When I was younger, I was petrified of flying. I loved to travel, but going somewhere on an airplane was out of the question. I rely on an electric wheelchair for independent mobility. When I travel on a plane, my wheelchair is stored with other luggage. I heard so many horror stories of broken wheelchairs after a long flight, with no way of fixing the damage quickly. My chair is heavy but fragile. Many transporters don’t know how to properly lift or store a wheelchair. It’s merely because they are unaware of how fragile it is, and they have to use a lot of force because of its weight.
Needless to say, there’s a lot of room for improvement when it comes to wheelchair users traveling via air. Airline companies have funds set aside specifically for wheelchair repairs. While it’s nice that the company can cover the damages, it shows that wheelchairs are impaired far too often in the process of flying.
Many changes have been made to make the flying experience more accessible under section 504 of The Rehabilitation Act of 1973 and the Americans with Disabilities Act, but neither covers accessibility on the plane. So at this point, the airport must be handicap accessible, and people with disabilities are allowed to have certain accommodations. The plane, however, doesn’t have to meet very many accessibility requirements. There are a few rules about in-flight restrooms.
The in-flight bathroom is pretty much every nonambulatory person’s nightmare. First off, I’d have to be carried all the way into the bathroom. That is no easy task, especially through the tight aisles. Second, the bathrooms are “accessible” but not truly accessible. Only the largest planes are required to carry an aisle chair and have an accessible restroom. My first flight was six hours and the plane didn’t have an accessible restroom. In situations like that, many disabled people are forced to wait it out until they land.
If a person with a disability has to endure long flights with no access to a restroom, isn’t there a problem? Yes. Senator Tammy Baldwin and Representative Jim Langevin are looking to fix those problems by introducing the Air Carrier Access Amendments Act. The act will establish a private right of action, and increase administration enforcement. It will also establish a set of physical standards of access that new airplanes have to meet. Lastly, it will require airlines to remove access barriers on existing airplanes if readily achievable.

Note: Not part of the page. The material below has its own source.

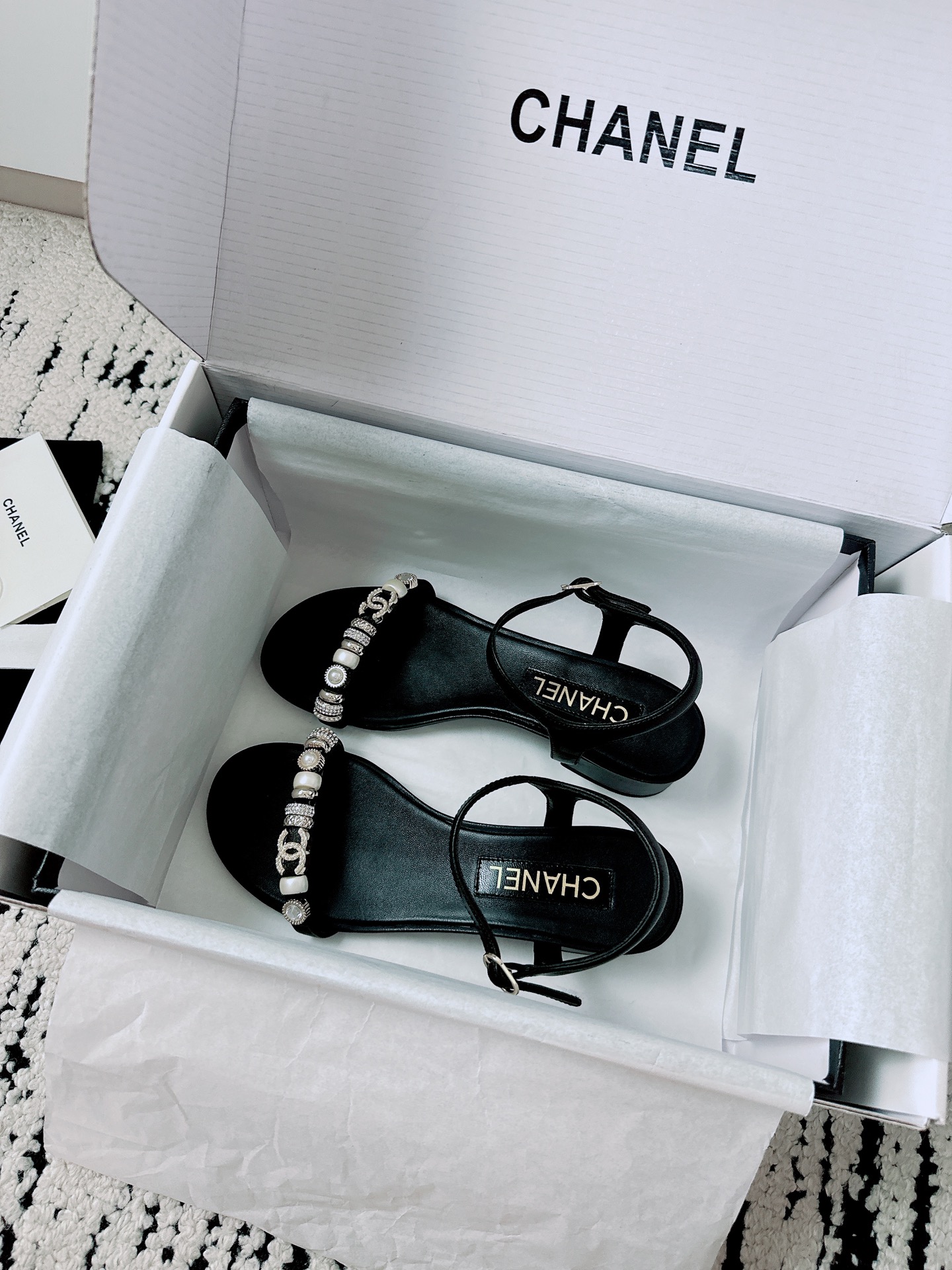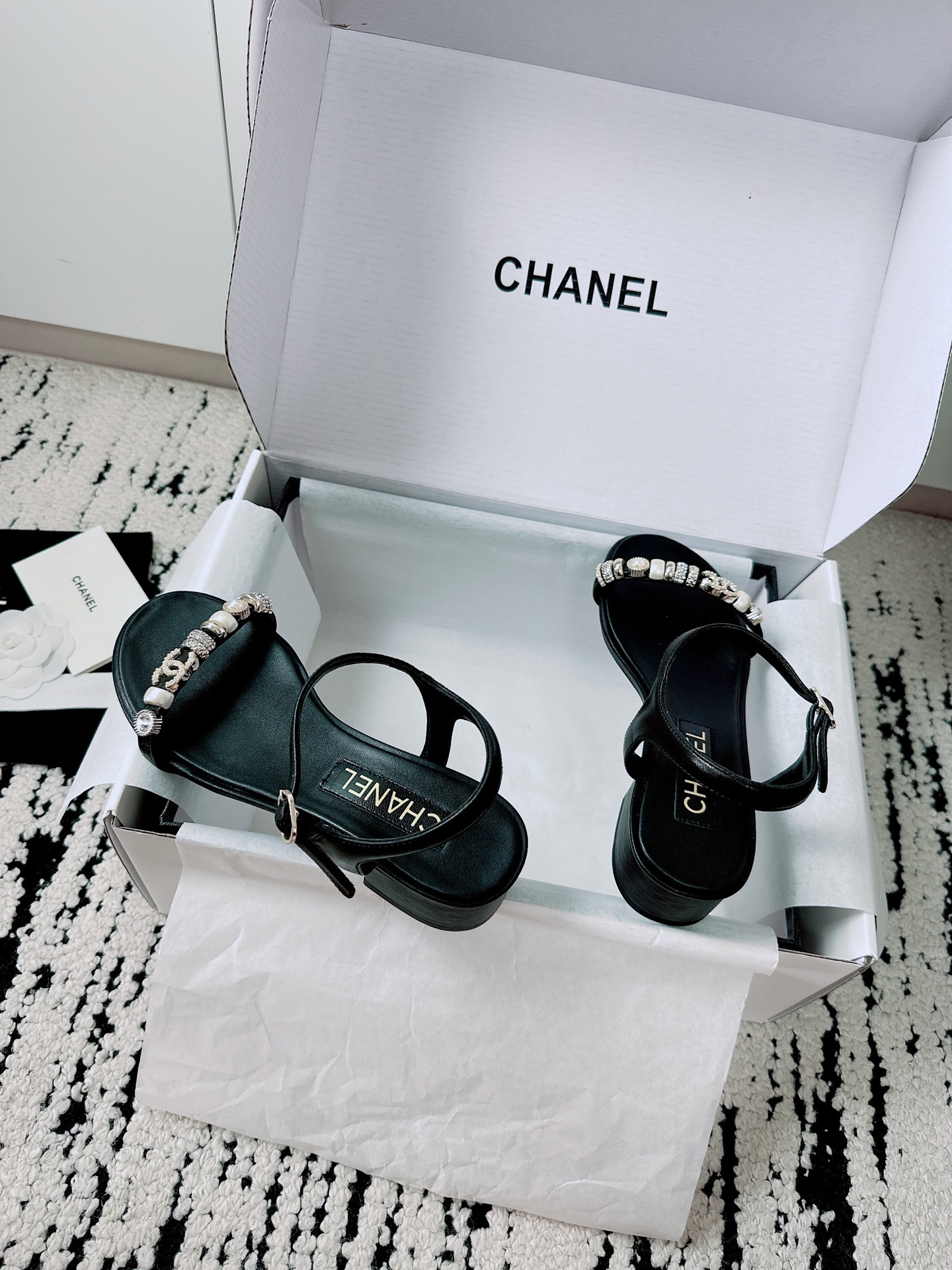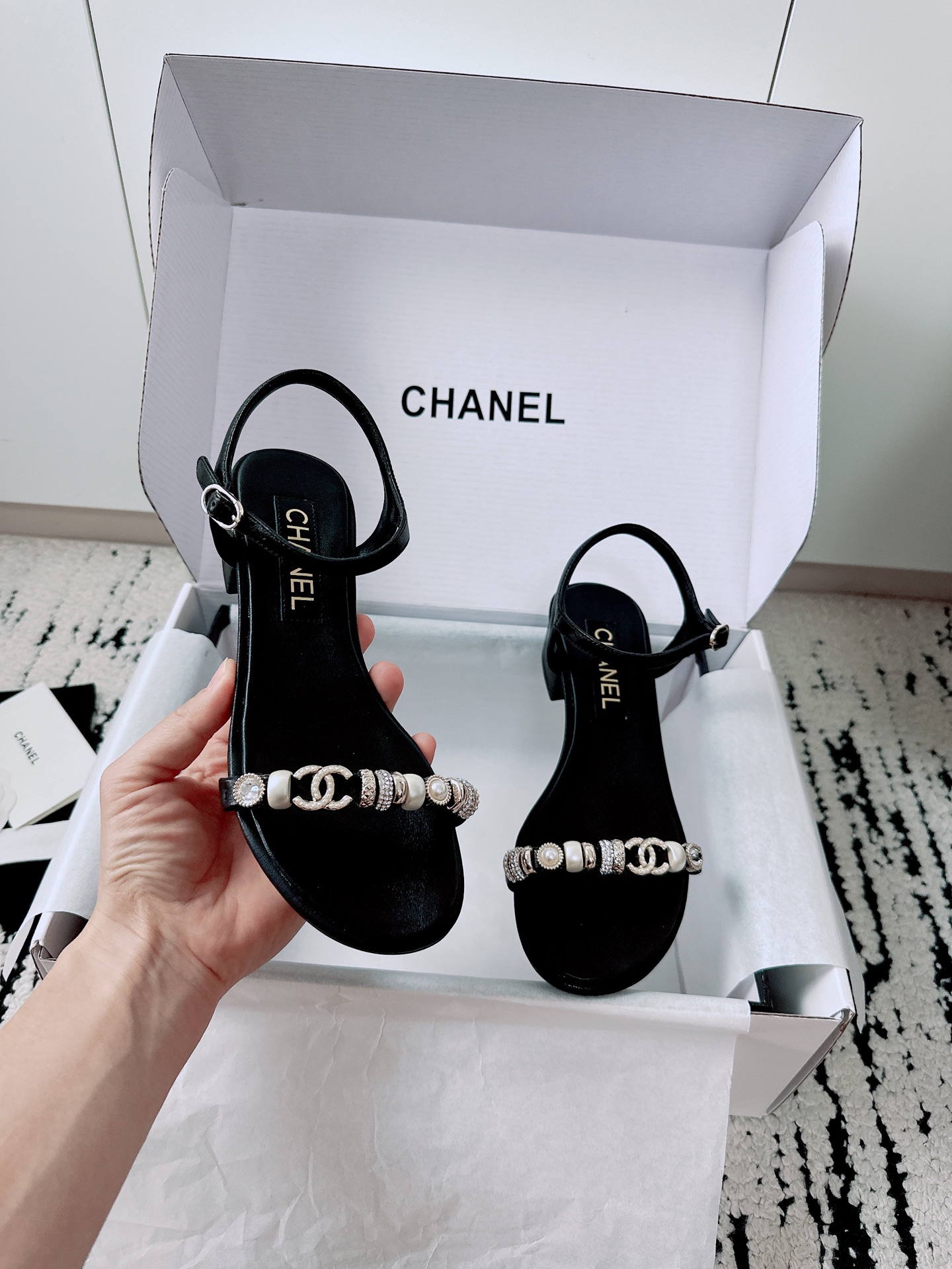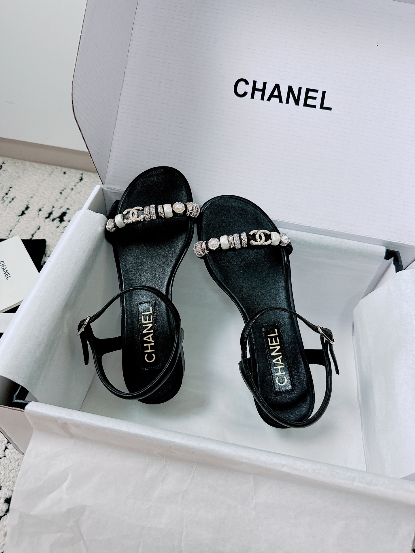这款鞋子是AAAAA 1:1 质量 (非常棒). 使用了和原版一模一样的材料. 商标部分也保持了和香奈儿/Chanel一样. 图片拍摄是实物鞋子拍摄, 您所收到的实物保证和我们图片一模一样.

If this legislation were to pass, it would be the beginning of safer and smoother travels for individuals with disabilities. Many people in wheelchairs dream of the day when their most important mobility device will be treated as such. This meaning that people will be able to stay in their wheelchair aboard the plane.
This legislation has some pushback. Airline companies don’t want to spend the amount of money it would take to comply with the new requirements. Other critics have argued that it would be too much for the government to provide these funds as well.
Because of this pushback, we need some help. You can help by telling others about the problems disabled people face and how this legislation will help. If you really want to help, you can write a letter to some of your local government officials urging them to support the Air Carrier Access Amendments Act.